Paul Lichtenstein of the Karolinska Institute in Stockholm and colleagues from Denmark and Finland found that for prostate cancer, 42 per cent of the risk could be explained by hereditable factors, 35 per cent in the case of bowel cancer and 27 per cent in breast cancer.

These figures relate to the proportion of the risk attributable to genetic factors. They do not imply that individuals with a family history of the disease are at this level of risk.

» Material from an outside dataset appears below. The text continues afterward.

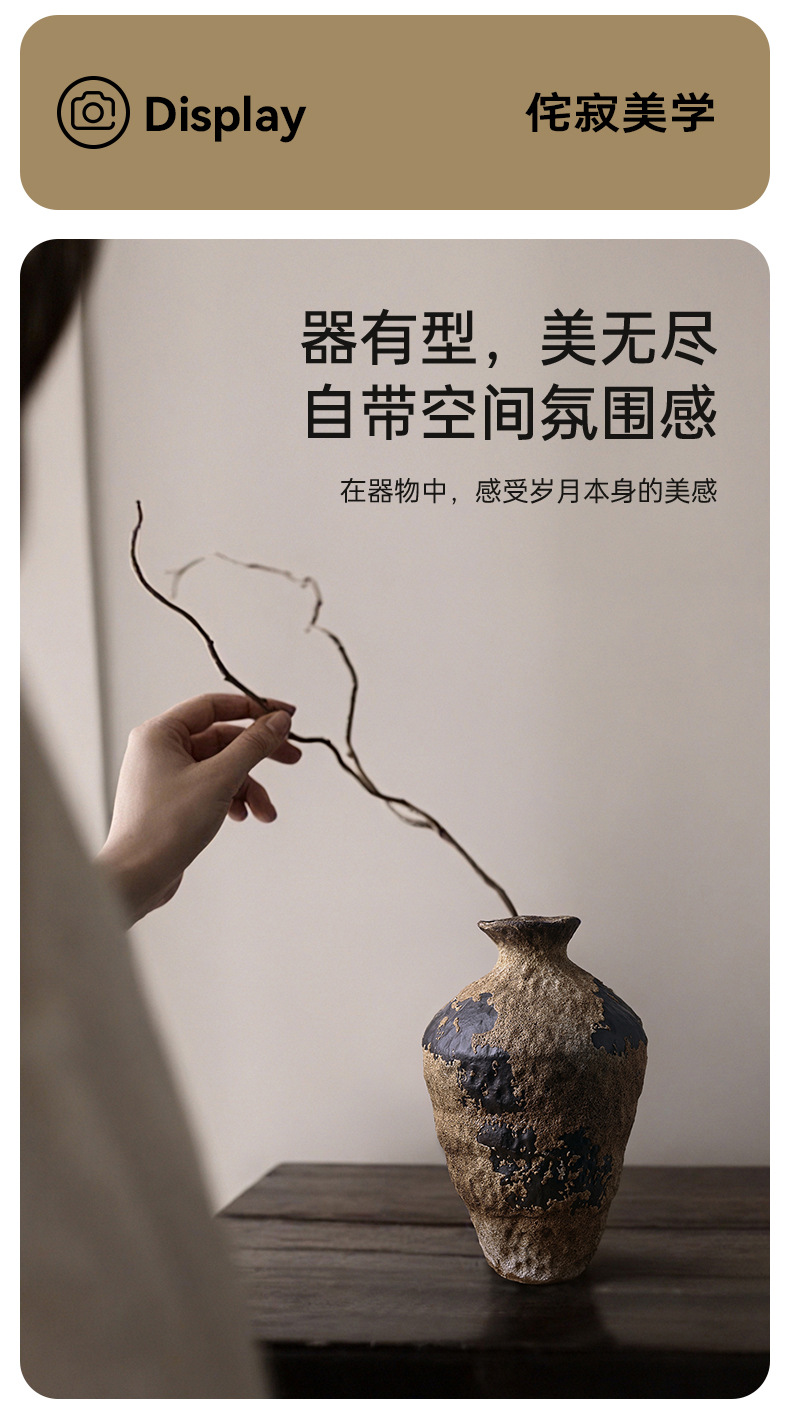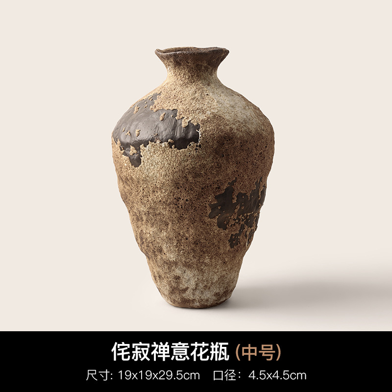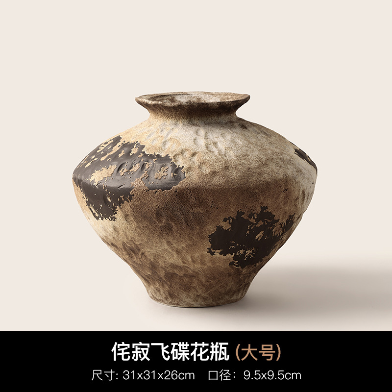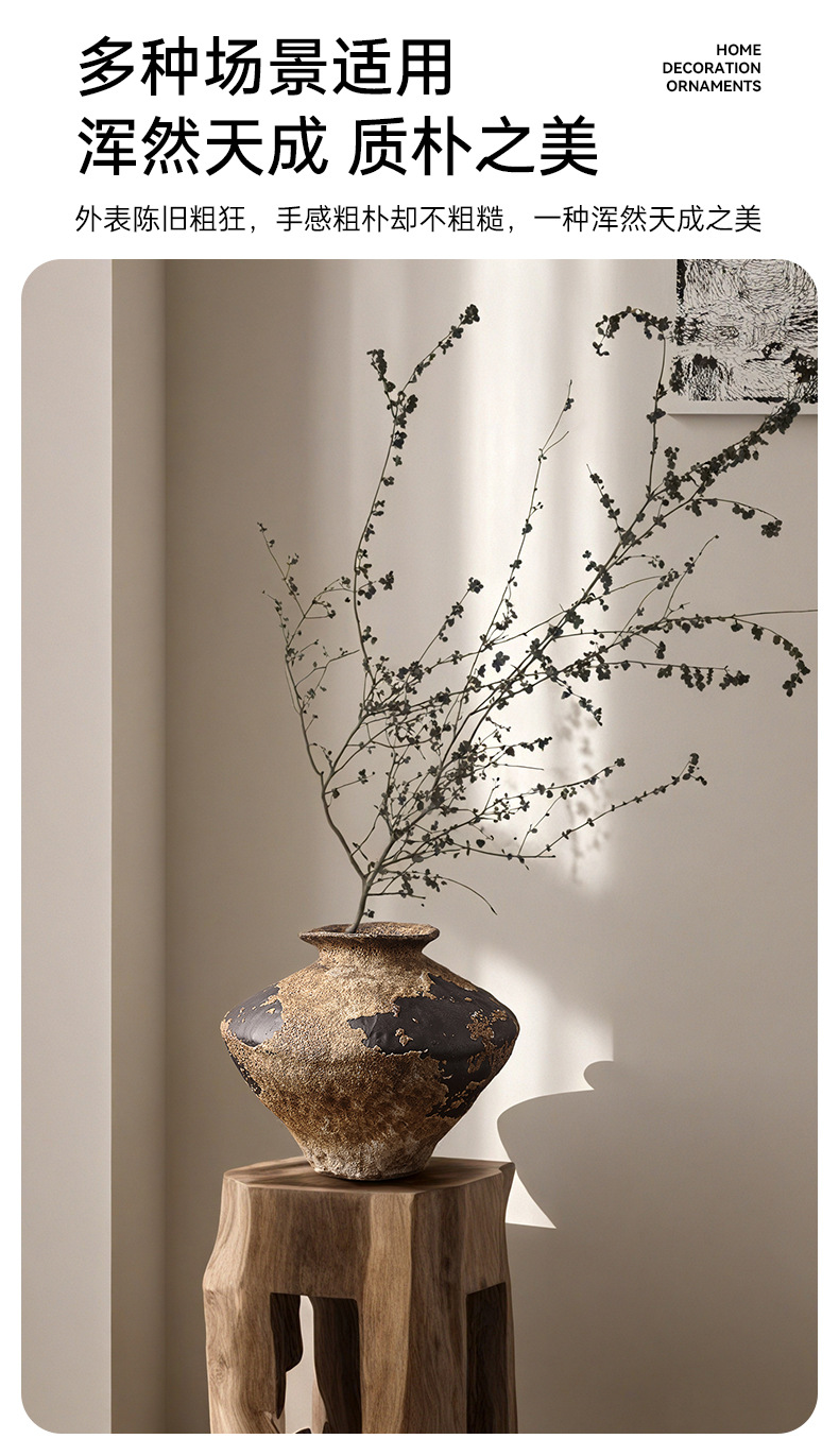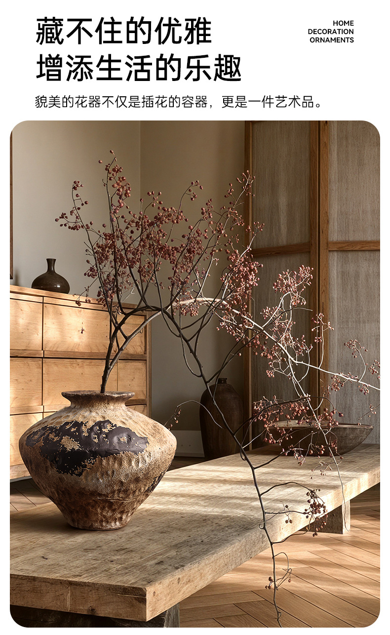 新中式陶瓷花瓶摆件客厅插花侘寂风高级感复古电视柜手作粗陶装饰

"The overwhelming contributor to the causation of cancer in the population of twins that we studied was the environment. The relatively large effect of hereditability at a few sites suggests major gaps in our knowledge of the genetics of cancer," the authors say.

The importance of environmental causes of cancer has been demonstrated by studies of breast cancer in Asian- American women. Those who recently immigrated have the same low rates prevalent in their homelands. But the among third generation the rates are similar to those in white American women.

The relatively high genetic component in prostate cancer fits with evidence showing marked international variations in the disease, according to an editorial in the Journal by Robert Hoover of the US National Cancer Institute.

"Large scale studies have searched for risk factors for prostate cancer and found few," he said. But in breast, lung and stomach cancer studies, lifestyle-related, infectious, reproductive and other environmental factors have been identified.